Here is the primary definition of the word “extreme” atDictionary.com:
extreme:  of a character or kind farthest removed from the ordinary or average.
The regard in which President Falk holds freedom of speech is of a character or kind farthest removed from the ordinary or average, he believes.
Regard-for-free-speech-wise, he considers himself to be way out in the far tail of the distribution.  Practically no-one has higher regard for free speech than he has!  Uh-huh.
The naked, shameless totalitarianism on display here ought to be shocking, but at this point is just depressing.  That a closed-minded mediocrity like Falk, who speaks in the threadbare cant diction of Cultural Marxism (“hate speech”—whom do I hate, President Falk?  where is the evidence of my hatred?), should be President of a well-regarded college like Williams speaks volumes about the degraded condition of our intellectual life.
I had prepared some notes for my talk.  I shall post them here on VDARE.com at the weekend.  I apologize in advance for the extreme discomfort they will surely cause to any Williams College student whose eye chances to fall on them.

Falk’s decision was welcomed by many on campus. Off campus, it was more controversial. Ashley Thorne wrote in the National Review:

John Derbyshire has certainly made statements that many people find objectionable, and his provocative opinions have gotten him into trouble before, including here at National Review. But there is a difference between expressing opinions as a paid employee and doing so as an invited guest at a college. President Falk needs to be reminded that a college’s job is not to determine which ideas are so beyond the pale that they may not even be uttered. The answer to speech that offends is more speech. This dis-invitation shows a liberal arts college trying to immunize itself from all controversial opinions and remain in a “safe space.” It is to Williams College’s shame that President Falk has “found the line” and banned Derbyshire from speaking.

The Foundation for Individual Rights in Education wrote: “For the moment, it appears Williams has chosen a different path — a path on which paternalistic administrators decide which ideas are too dangerous for college students to hear, even when students themselves have established a program specifically for the purpose of engaging with such ideas.
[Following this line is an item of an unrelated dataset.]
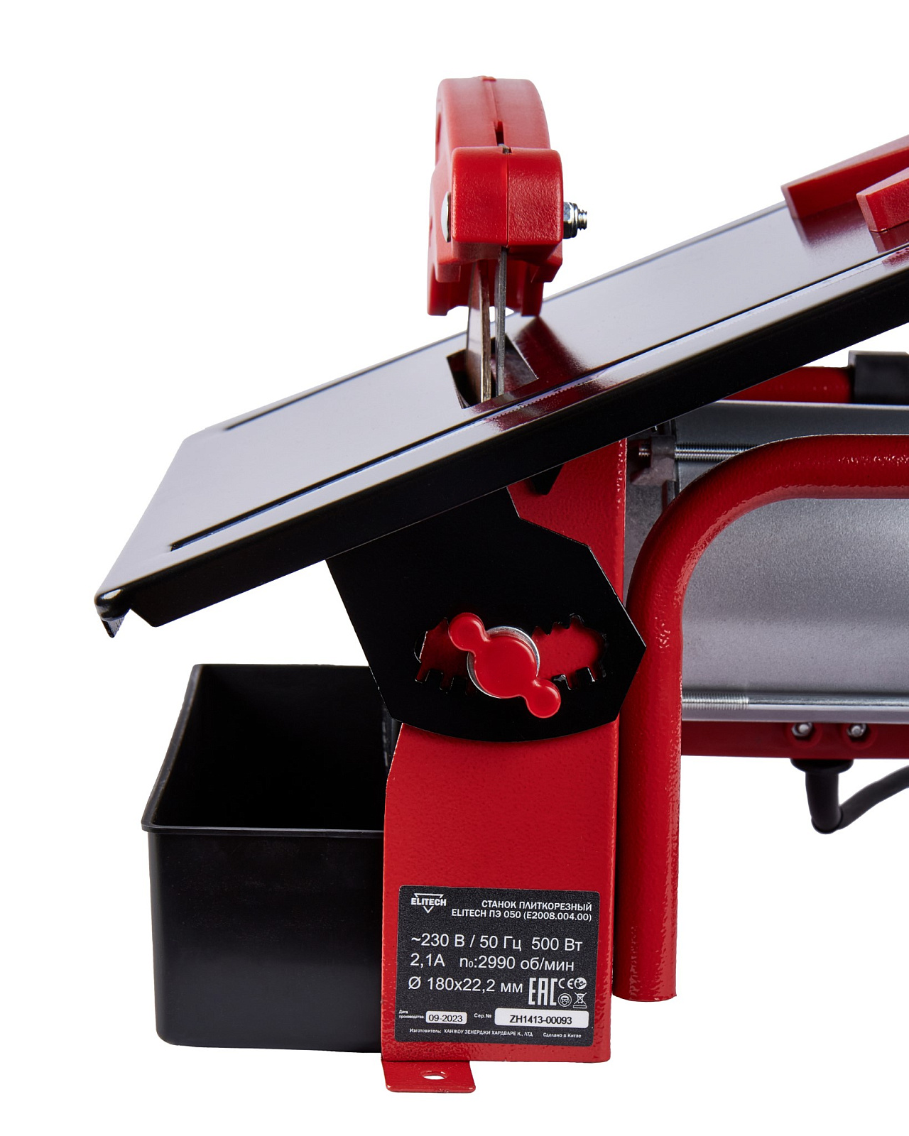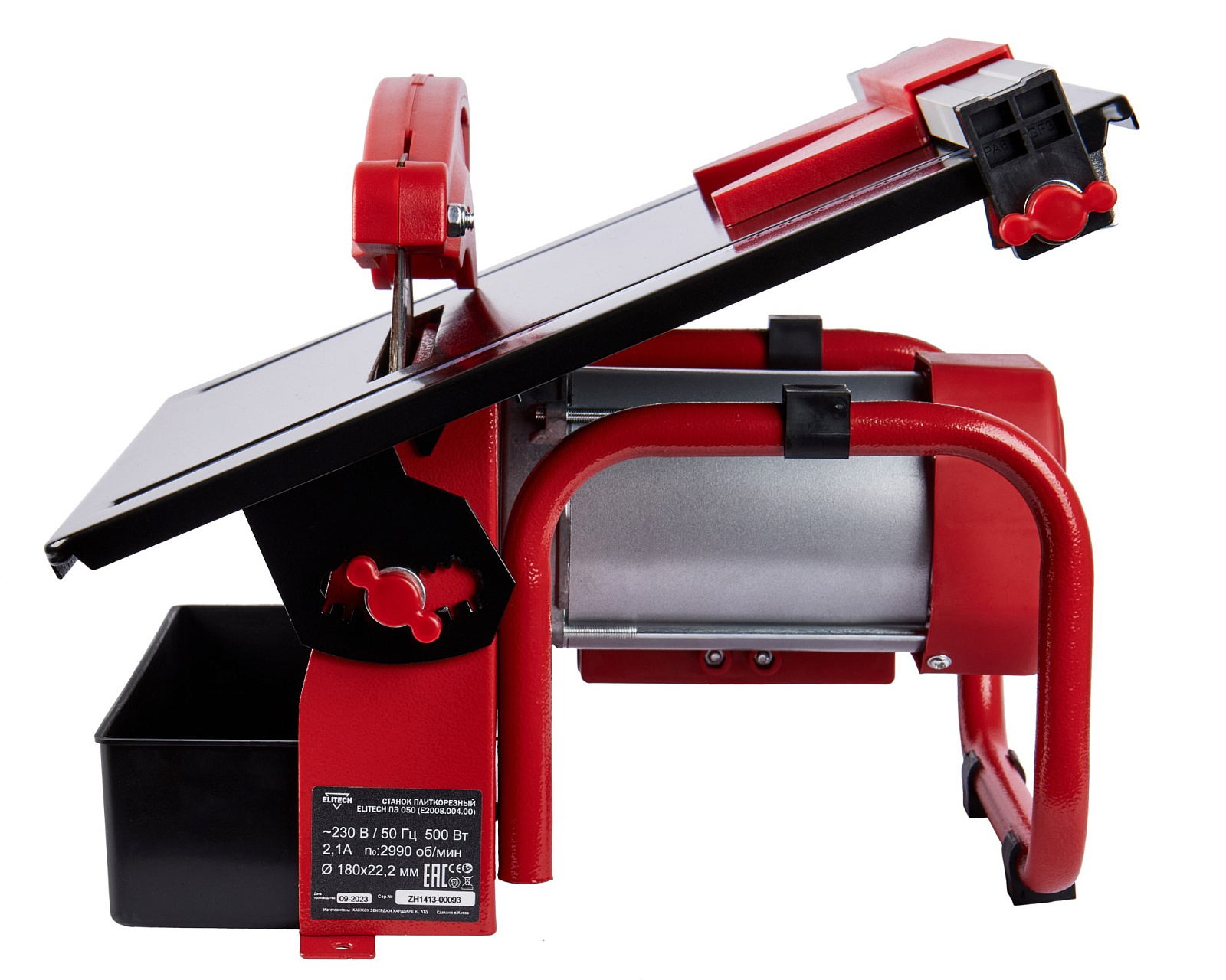 Плиткорезный станок с размерами диска 180х22,2 мм, мощностью 500 Вт, работает от однофазной сети переменного тока напряжением 230 В частотой 50 Гц.

It is now up to the students, faculty, alumni, and trustees of Williams to decide whether that is truly the kind of place they want their college to be, or whether they are going to push back against this act of censorship.”

Falk said he heard criticism from off campus, much of it rather ugly and abusive, racist and anti-Semitic. His parents were both refugees from Nazi Germany, he said, so he can’t help but see the world through that filter, the things he was taught growing up, and he recognized in some of the messages an old undercurrent, a familiar kind of hatred of certain races and the educated elite.

“I think there’s a narrative out there that our colleges are hotbeds of what people call political correctness, and that that’s anti-American. I think often political correctness is a very problematic term, code for, ‘I want to say racist things and I can’t say them.’ ”

He knows many people will see the cancellation as another symptom of college students wanting to be protected from certain ideas or language, asking for “trigger warnings” and “safe spaces” to avoid being upset.

Falk said, “If I were the mayor of a town and John Derbyshire were going to speak in the public square, I would provide him police protection. … John Derbyshire has the right to spew racist speech in the public sphere — I don’t want to live in a country where that’s illegal. But I don’t run a town. I run a college.”

To create an environment in which students learn and are challenged by challenging ideas, he said, “requires something more nuanced than the free-speech absolutism needed to run a country or a town. There are some things that are destructive of our community, destructive of our ability to have those kinds of complicated, nuanced conversations.”